I am honestly surprised to find Python is so slow in terms of start up time.
This made me wonder if it was generating / searching for .pyc files, but a
quick test revealed this is not the case:

    
    
      sh-4.3$ ls
      nop.py	nop.sh
      sh-4.3$ hexdump -C nop.py
      sh-4.3$ hexdump -C nop.sh
      sh-4.3$ time python3 nop.py
    
      real	0m0.064s
      user	0m0.048s
      sys	0m0.016s
      sh-4.3$ time sh nop.sh
    
      real	0m0.002s
      user	0m0.002s
      sys	0m0.000s
      sh-4.3$ python3 -m compileall .
      Listing '.'...
      Compiling './nop.py'...
      sh-4.3$ time python3 nop.py
    
      real	0m0.062s
      user	0m0.057s
      sys	0m0.004s
    
      sh-4.3$ python3 __pycache__/nop.cpython-35.pyc 
      sh-4.3$ time python3 __pycache__/nop.cpython-35.pyc
    
      real	0m0.060s
      user	0m0.048s
      sys	0m0.012s
    

I would add that shell can be surprisingly fast for certain tasks when used
correctly.
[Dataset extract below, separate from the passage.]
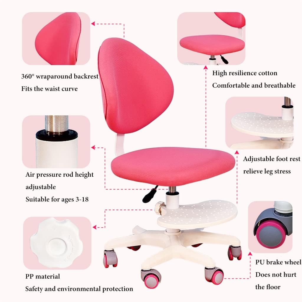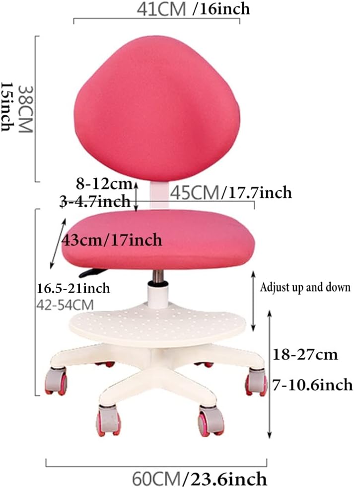 This ergonomic chair is height adjustable. Kids spend a lot of time sitting every day, so it is especially important to have a comfortable chair that helps kids sit in a healthy posture.Designed for age groups3-15+ years.Position adjustment helps children be at the appropriate height when seated.【Product specification】--Color: Blue , Pink--Product material: PP+high-density rebound sponge--Product size: A:Seat cushion size: 45*43 cm/17.7*17 inchHeight Adjustment: 18-27 cm/7-10.6 inchB:Seat cushion size: 43*36 cm/17*14 inchHeight adjustment: 14-18.5 cm/36-47 inch--Package Contents:1 x kids desk chair【Tips】:★ We only sell kids desk chair, other items are props.★ All data is measured by hand with a slight error.★ Due to physical factors such as light, camera color and lighting, there may be subtle color differences.
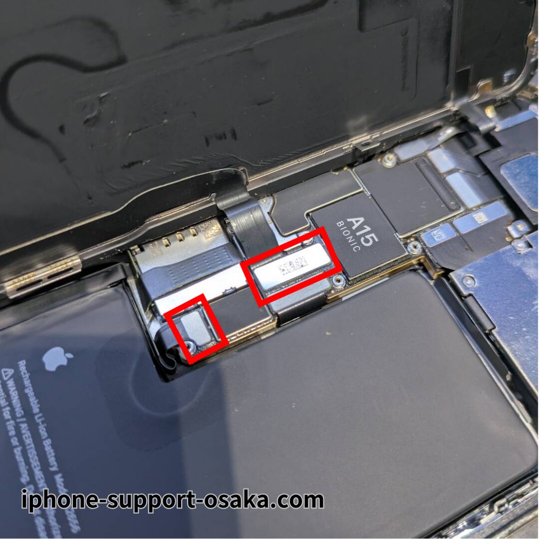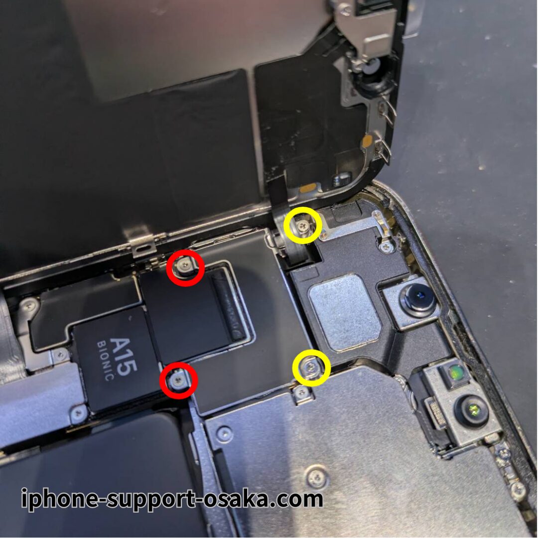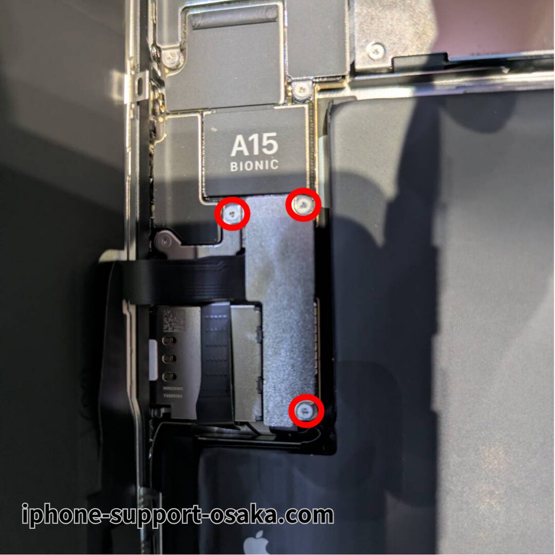 最後に、古い画面裏側に取り付けられているフロントセンサーを固定している Y字ネジ3本を外します。

It's very easy to write slow (ba)sh code though, so most shell
scripts wind up being fairly non-performent.

Edit: formatting.

------
mwambua
This is cool, and if I had the time I'd want to do something like this for
automatically generating a google-photos style site from my Pictures
directory.

Also, if you're looking for a stable Python-based static site generator...
I've been pretty happy with Pelican
([https://blog.getpelican.com/](https://blog.getpelican.com/)).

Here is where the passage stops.